Leading the market lower were some stocks that suffered more individual bad news. General Electric (NYSE:GE), PG&E (NYSE:PCG), and Yelp (NYSE:YELP) were among the worst performers on the day. Below, we'll look more closely at these companies to explain why their stocks did so poorly.
GE has further to fall, analysts say
General Electric's share price dropped 5%, adding to its previous huge losses in 2018, as prominent stock analysts weighed in against the industrial conglomerate. JPMorgan cut its price target on GE by 40% to just $6 per share, and reiterated its underweight rating on the stock. Among the factors leading to that negative outlook were GE's dividend cut and the downgrading of its credit rating by Moody's from A2 to Baa1. General Electric was quick to deny that it had any liquidity problems, but until it shows its growth strategy is working again, many investors will likely continue to shy away, despite GE stock having fallen to its least-expensive price in eight years.
PG&E gets burned one more time
PG&E took a 16% share price hit after it once again had to respond to wildfires in California.
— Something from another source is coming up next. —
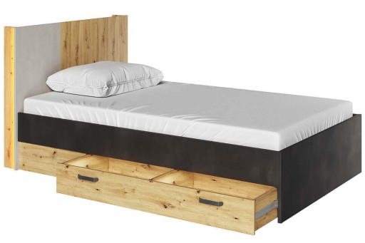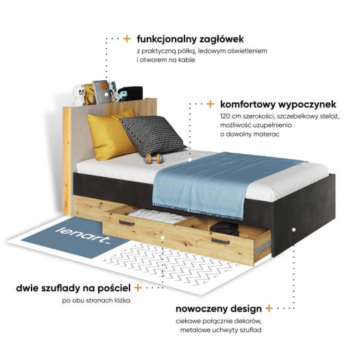 Łóżko z dwiema szufladami na pościel, półką w zagłówku i oświetleniem ledowym (bez materaca)

The Golden State utility company had already told some of its customers to prepare for a potential public safety power shutoff as a proactive measure due to dangerous fire conditions, and it announced earlier this week that it would spend $6 billion on wildfire safety between now and 2023. Yet with authorities already looking at the source of the ongoing wildfires in the state -- which have caused several deaths already -- shareholders worry that PG&E might once again find itself held liable, and on the hook for damages. That was enough to wipe out the utility's share-price gains for the year, and absent government intervention, an actual adverse decision could levy a toll on the company's bottom line.
Yelp needs help
Finally, Yelp finished down sharply, off 26% on the day. The social media review site reported third-quarter revenue gains that weren't quite as strong as most of those following the stock had expected to see, and several stock analyst companies weighed in against Yelp and its review-based business model. CEO Jeremy Stoppelman tried to argue that Yelp's business-model shift toward less rigid advertising terms will eventually pay off with greater revenue and profits, but for now, the move leaves it vulnerable to some short-term disruptions. Shareholders didn't seem convinced about the temporary nature of Yelp's problems, and the company will likely need to provide more reassurance in order to restore investor confidence in the stock.